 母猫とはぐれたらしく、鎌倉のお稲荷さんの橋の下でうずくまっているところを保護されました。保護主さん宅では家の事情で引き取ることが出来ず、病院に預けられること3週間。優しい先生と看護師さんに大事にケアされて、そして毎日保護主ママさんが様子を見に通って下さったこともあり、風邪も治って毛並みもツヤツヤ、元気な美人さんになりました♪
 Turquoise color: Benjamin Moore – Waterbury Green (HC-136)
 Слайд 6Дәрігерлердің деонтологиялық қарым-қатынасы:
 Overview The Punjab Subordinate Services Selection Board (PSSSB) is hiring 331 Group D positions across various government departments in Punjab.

--

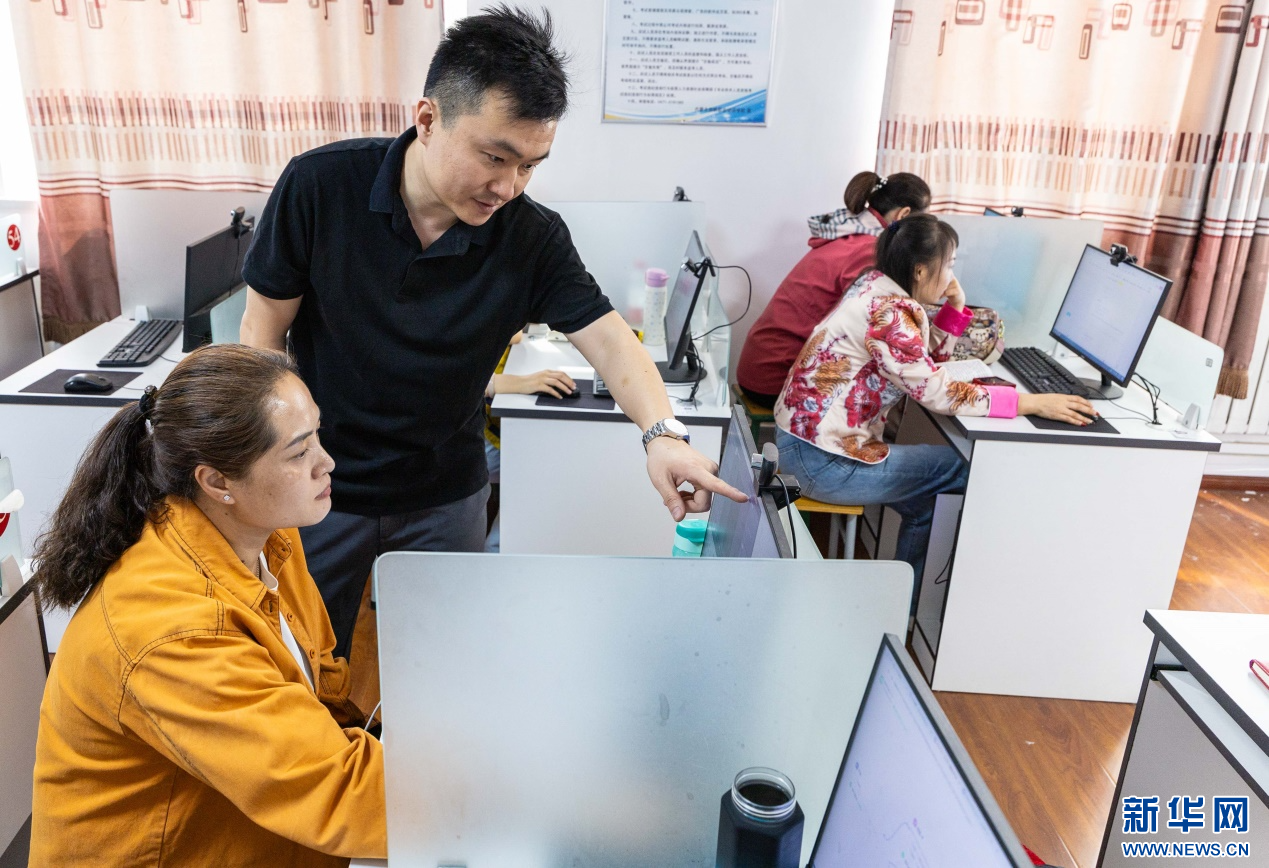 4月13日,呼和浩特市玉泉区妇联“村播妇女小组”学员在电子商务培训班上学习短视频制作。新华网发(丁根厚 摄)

* * *

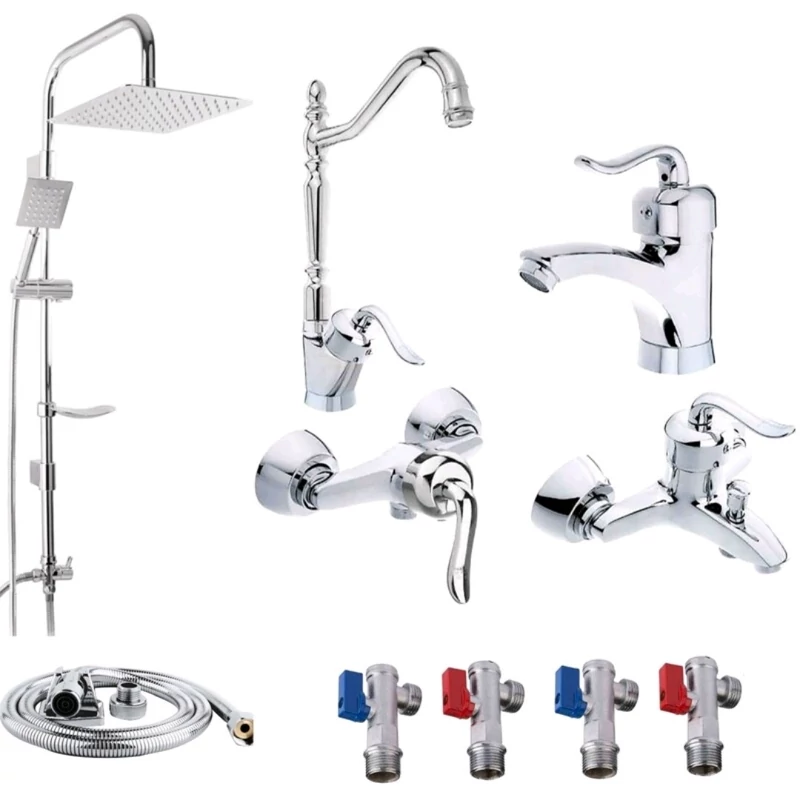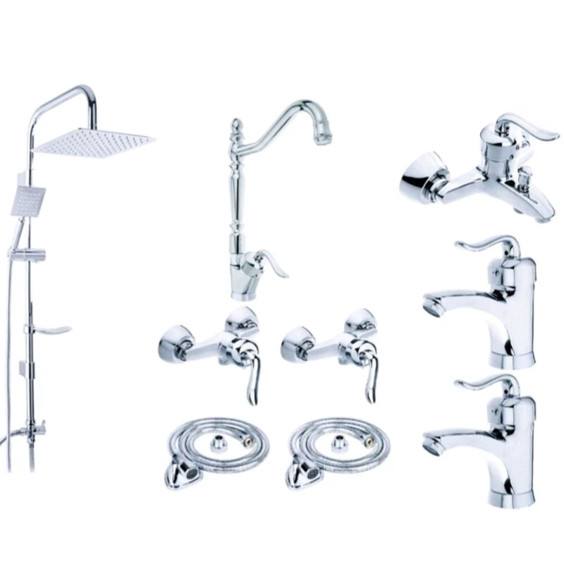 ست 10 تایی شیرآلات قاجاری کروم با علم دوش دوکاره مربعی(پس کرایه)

* _INSTRUCTIONS FOR THE TASK_
Only the lines above from the line containing "Turquoise color: Benjamin" through the line containing "Overview The Punjab" should be retyped, exactly and with both ends included.

* _SOLUTION_
 Turquoise color: Benjamin Moore – Waterbury Green (HC-136)
 Слайд 6Дәрігерлердің деонтологиялық қарым-қатынасы:
 Overview The Punjab Subordinate Services Selection Board (PSSSB) is hiring 331 Group D positions across various government departments in Punjab.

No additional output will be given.